___ RECORDS SHOWN ___

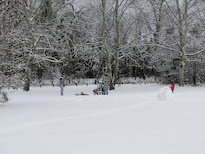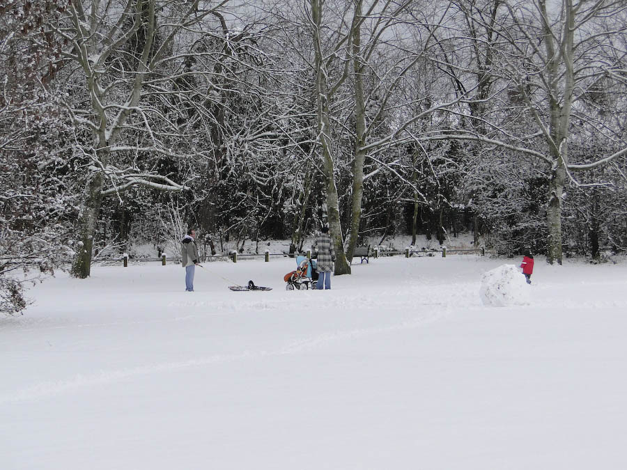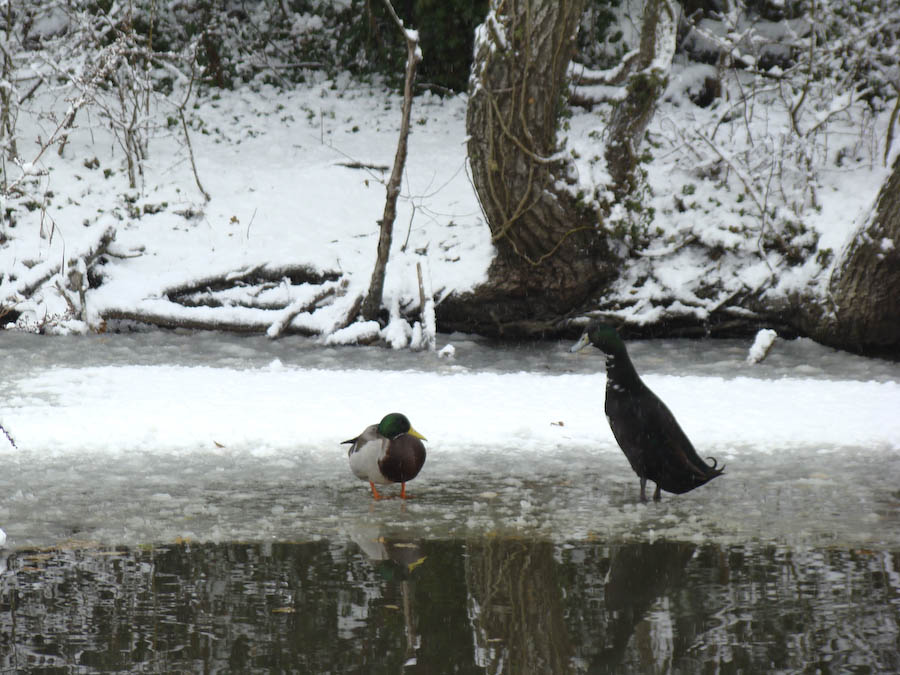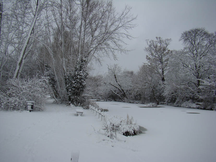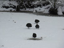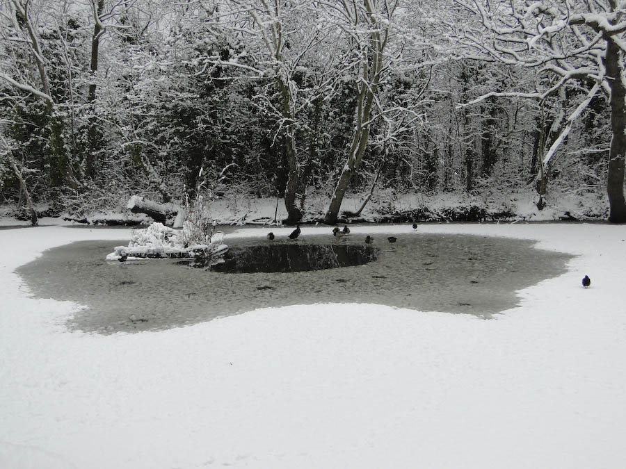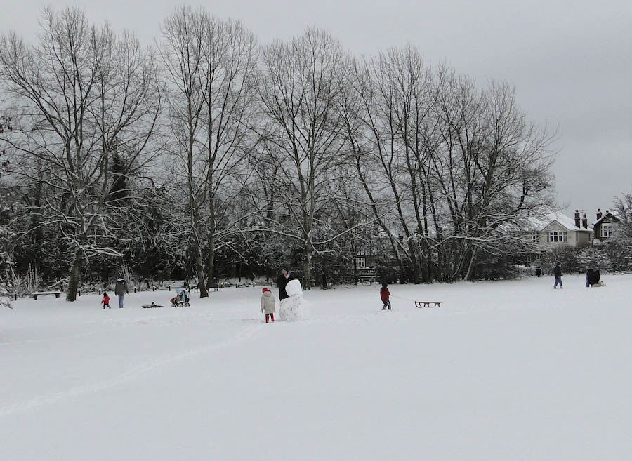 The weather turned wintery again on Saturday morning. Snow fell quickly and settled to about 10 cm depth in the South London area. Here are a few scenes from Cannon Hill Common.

___
___ RECORDS SHOWN ___

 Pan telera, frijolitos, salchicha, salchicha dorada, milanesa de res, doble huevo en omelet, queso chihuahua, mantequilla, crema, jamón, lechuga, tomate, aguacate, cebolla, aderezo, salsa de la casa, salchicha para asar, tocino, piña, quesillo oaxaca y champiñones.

___
___ RECORDS SHOWN ___

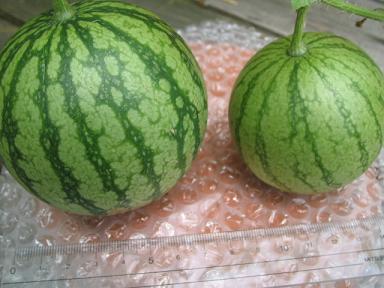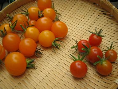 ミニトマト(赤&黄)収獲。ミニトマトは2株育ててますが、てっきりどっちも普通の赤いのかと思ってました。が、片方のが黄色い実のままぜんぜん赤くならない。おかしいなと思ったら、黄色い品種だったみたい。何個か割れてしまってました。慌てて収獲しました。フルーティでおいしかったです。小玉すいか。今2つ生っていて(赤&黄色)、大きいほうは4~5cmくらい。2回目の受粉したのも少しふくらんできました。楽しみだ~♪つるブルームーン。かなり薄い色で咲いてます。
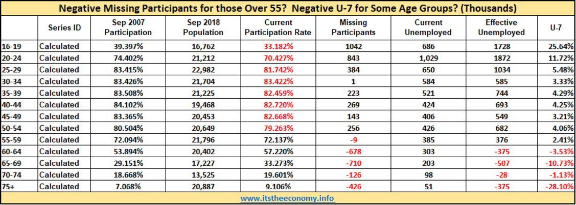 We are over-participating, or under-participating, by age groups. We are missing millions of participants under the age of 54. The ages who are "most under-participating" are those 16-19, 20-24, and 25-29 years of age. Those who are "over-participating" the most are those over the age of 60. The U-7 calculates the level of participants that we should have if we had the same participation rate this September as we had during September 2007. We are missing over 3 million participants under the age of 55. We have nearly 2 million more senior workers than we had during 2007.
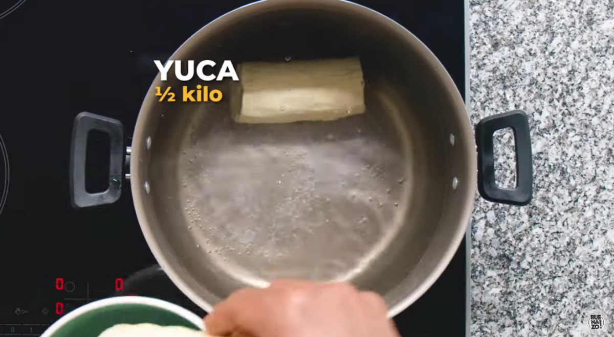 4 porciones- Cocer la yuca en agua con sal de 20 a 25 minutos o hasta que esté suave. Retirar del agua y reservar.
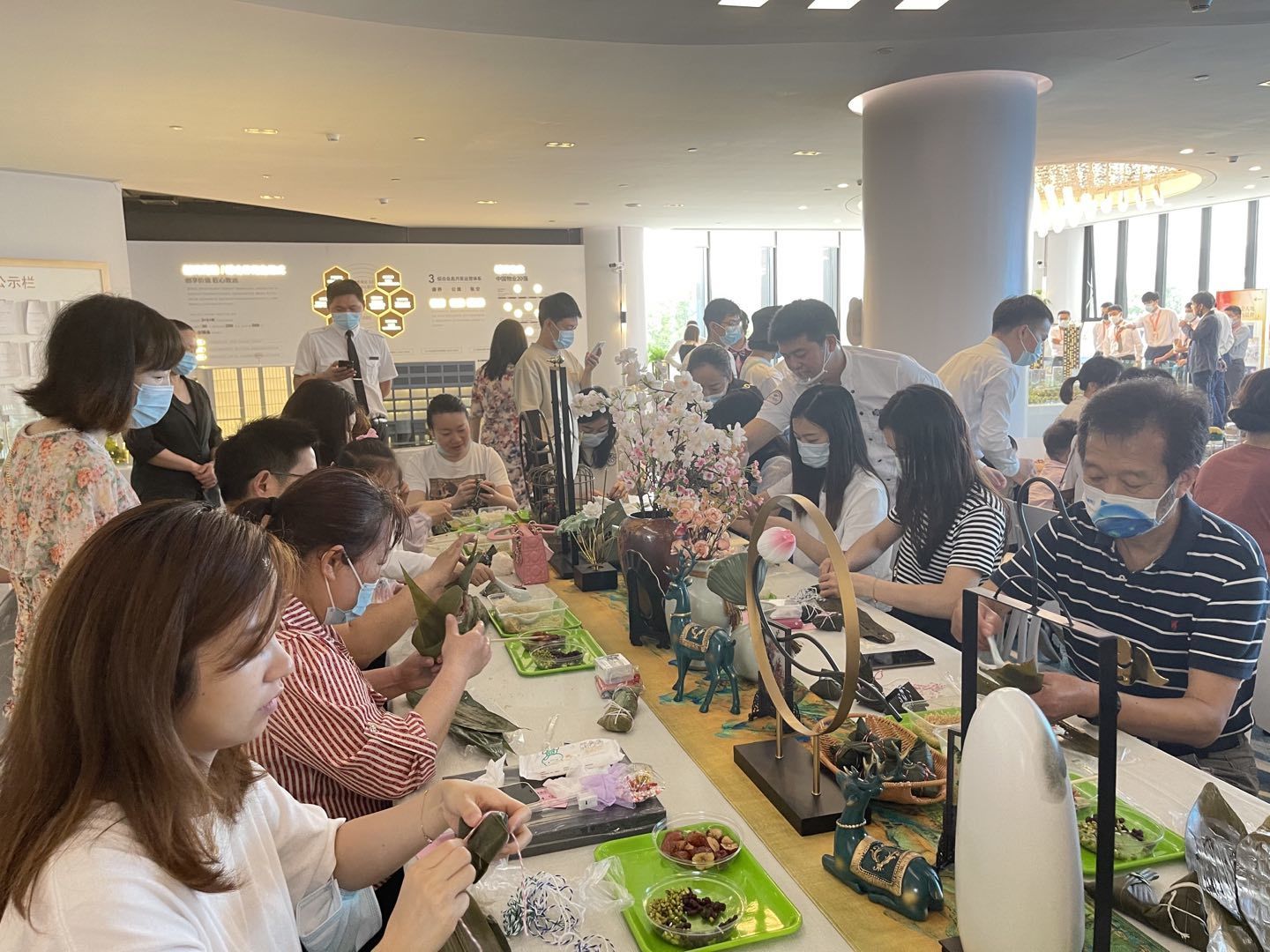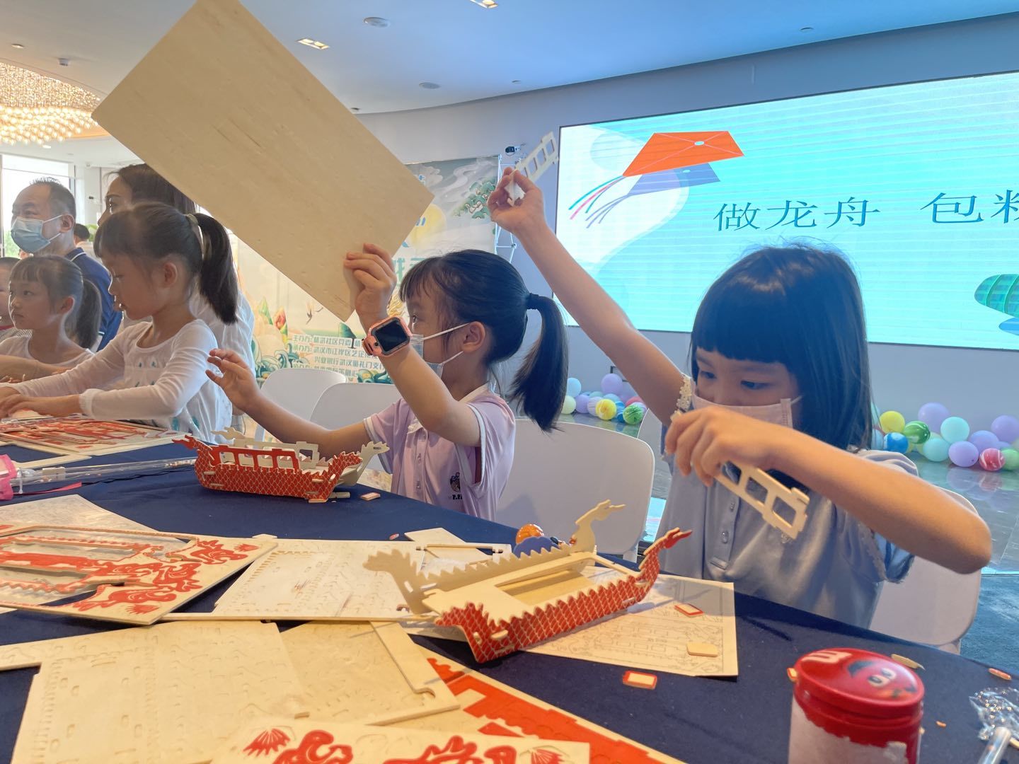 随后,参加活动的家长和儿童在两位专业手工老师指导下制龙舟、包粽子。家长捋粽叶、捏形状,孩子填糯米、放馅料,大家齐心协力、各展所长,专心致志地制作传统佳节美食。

___

Produce an exact reproduction of the listing above, limited to the lines starting at the line with "ミニトマト(赤&黄)収獲。ミ" and ending at the line with "随后,参加活动的家长和儿童在", both kept, with every picture left out.

## SOLUTION FOR THIS TASK
 ミニトマト(赤&黄)収獲。ミニトマトは2株育ててますが、てっきりどっちも普通の赤いのかと思ってました。が、片方のが黄色い実のままぜんぜん赤くならない。おかしいなと思ったら、黄色い品種だったみたい。何個か割れてしまってました。慌てて収獲しました。フルーティでおいしかったです。小玉すいか。今2つ生っていて(赤&黄色)、大きいほうは4~5cmくらい。2回目の受粉したのも少しふくらんできました。楽しみだ~♪つるブルームーン。かなり薄い色で咲いてます。
 We are over-participating, or under-participating, by age groups. We are missing millions of participants under the age of 54. The ages who are "most under-participating" are those 16-19, 20-24, and 25-29 years of age. Those who are "over-participating" the most are those over the age of 60. The U-7 calculates the level of participants that we should have if we had the same participation rate this September as we had during September 2007. We are missing over 3 million participants under the age of 55. We have nearly 2 million more senior workers than we had during 2007.
 4 porciones- Cocer la yuca en agua con sal de 20 a 25 minutos o hasta que esté suave. Retirar del agua y reservar.
 随后,参加活动的家长和儿童在两位专业手工老师指导下制龙舟、包粽子。家长捋粽叶、捏形状,孩子填糯米、放馅料,大家齐心协力、各展所长,专心致志地制作传统佳节美食。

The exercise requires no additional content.